■ DATA SHOWN
/---

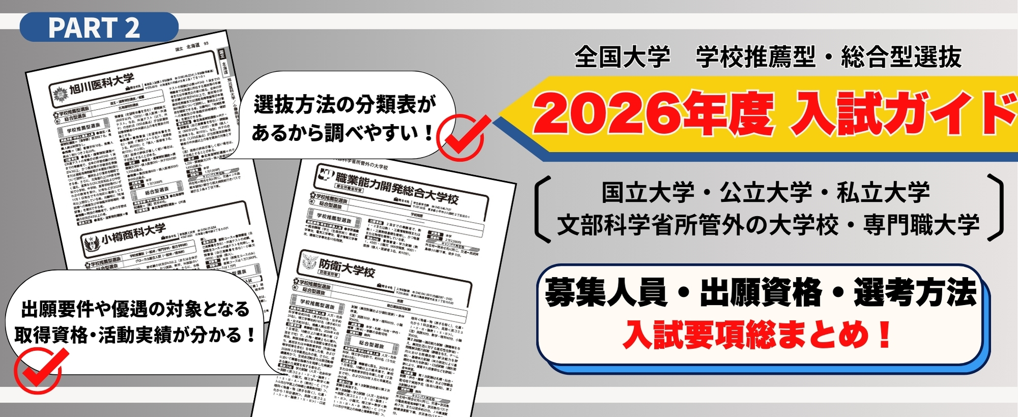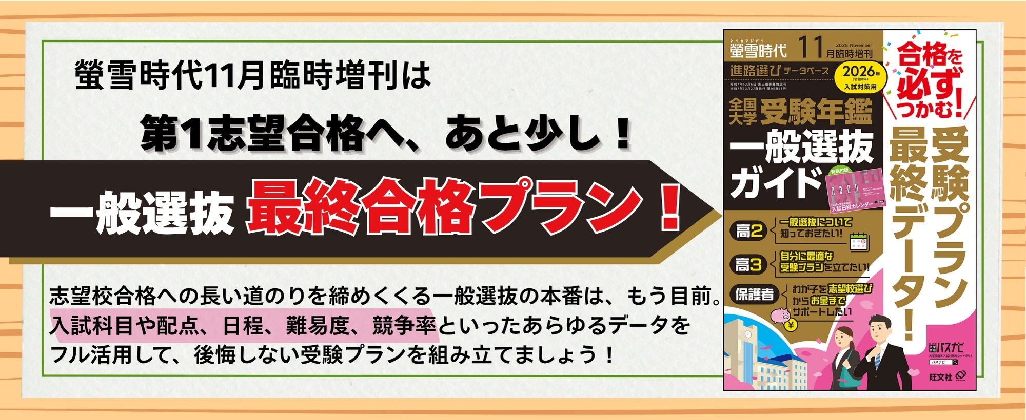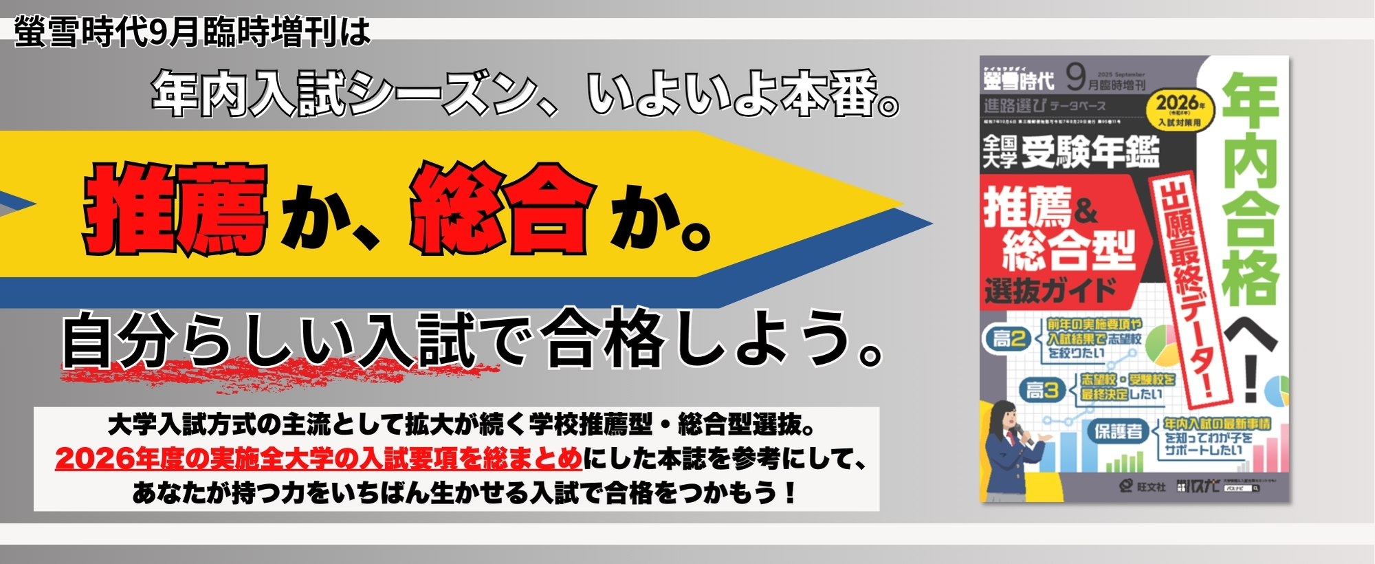 本誌『螢雪時代11月臨時増刊 全国大学受験年鑑[一般選抜ガイド]』は、学部・学科・選抜方式別の募集人員、入試日程、科目・配点など、2026年に一般選抜を実施するすべての大学の入試/選抜要項情報をまとめました。
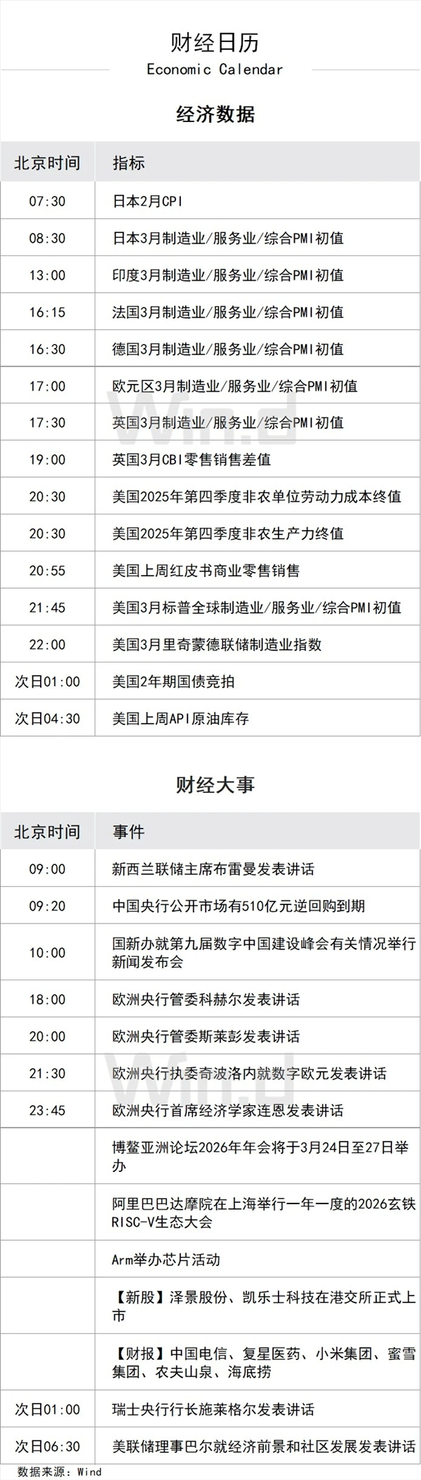 重要经济日程
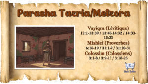 | 26 | Tazria/Metzora “Quand [une femme] conçoit” / “Lépreux” | 1) Lévitique 12:1-13:39 2) 13:40-14:32 3) 14:33-15:33 | 1) Proverbes 6:16-19 2) 31:1-9 3) 31:10-31 | 1) Colossiens 3:1-8 2) 3:9-17 3) 3:18-25 | |

\---

■ EXERCISE GOAL
Transcribe all of the material exactly and leave out its pictures.

■ ANSWER TO THIS TASK
 本誌『螢雪時代11月臨時増刊 全国大学受験年鑑[一般選抜ガイド]』は、学部・学科・選抜方式別の募集人員、入試日程、科目・配点など、2026年に一般選抜を実施するすべての大学の入試/選抜要項情報をまとめました。
 重要经济日程
 | 26 | Tazria/Metzora “Quand [une femme] conçoit” / “Lépreux” | 1) Lévitique 12:1-13:39 2) 13:40-14:32 3) 14:33-15:33 | 1) Proverbes 6:16-19 2) 31:1-9 3) 31:10-31 | 1) Colossiens 3:1-8 2) 3:9-17 3) 3:18-25 | |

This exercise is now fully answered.